Катя поднялась в мансарду. Схватила дорожную сумку Уны и тут же опустила на пол — сумка раскрылась, как разинутая голодная пасть. На незастеленной постели лежала одна, на полу другая часть цветастой пижамы. Обе полетели, шурша, в эту пасть. А за ними — расческа, туфли, помада, один чулок (другого Катя не могла найти) и еще какое-то белье. Увидев шелковое платье, которое вчера вечером казалось ей восхитительным, Катя заколебалась. Не может же она скомкать его и сунуть в сумку! Она повесила его на плечики и защелкнула замки на сумке.

В одно мгновение она слетела вниз. Еще мгновение — и сумка повисла на заборе, а на калитке развевалось платье, как диковинное знамя. Довольная, Катя поднялась обратно наверх. Пройдя на чердак, она из слухового окна осмотрела дело своих рук. Ее терзало любопытство: когда Уна придет за вещами, вот уж удивится! Но Кате было как-то не по себе: будешь тут волноваться, если выпроваживаешь девушку, которая еще вчера была тебе подругой! Но Катя не испытывала ни жалости, ни угрызений совести. Правда, она знала, что это не очень хорошо, что так делать не полагается — взять чемодан гостьи и выставить его за дверь. Но какие уж тут общественные нормы, какое уважение может быть к такой обезьяне, как Яромира Дворжачкова!

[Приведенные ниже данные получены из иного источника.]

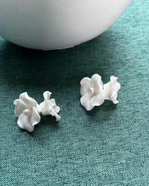 Porcelain White Flower Bridal Earrings with Freshwater Pearls, Wedding Earrings for Brides, Boho Floral Earrings, Bridal Party Accessories

А что получится, если не Уна придет раньше, а кто-нибудь другой? Если этот человек увидит, как она разделалась с маленьким заморышем? А что скажут Енда, Станда, Вера да и дедушка? Похвалят ли ее? Или, по крайней мере, подумают: «А все же наша Катя молодец!» А бабушка? Бабушка, наверное, скажет своим спокойным, тихим голосом: «Так, Катюша, нельзя делать. Ты не должна допускать грубости, даже если…»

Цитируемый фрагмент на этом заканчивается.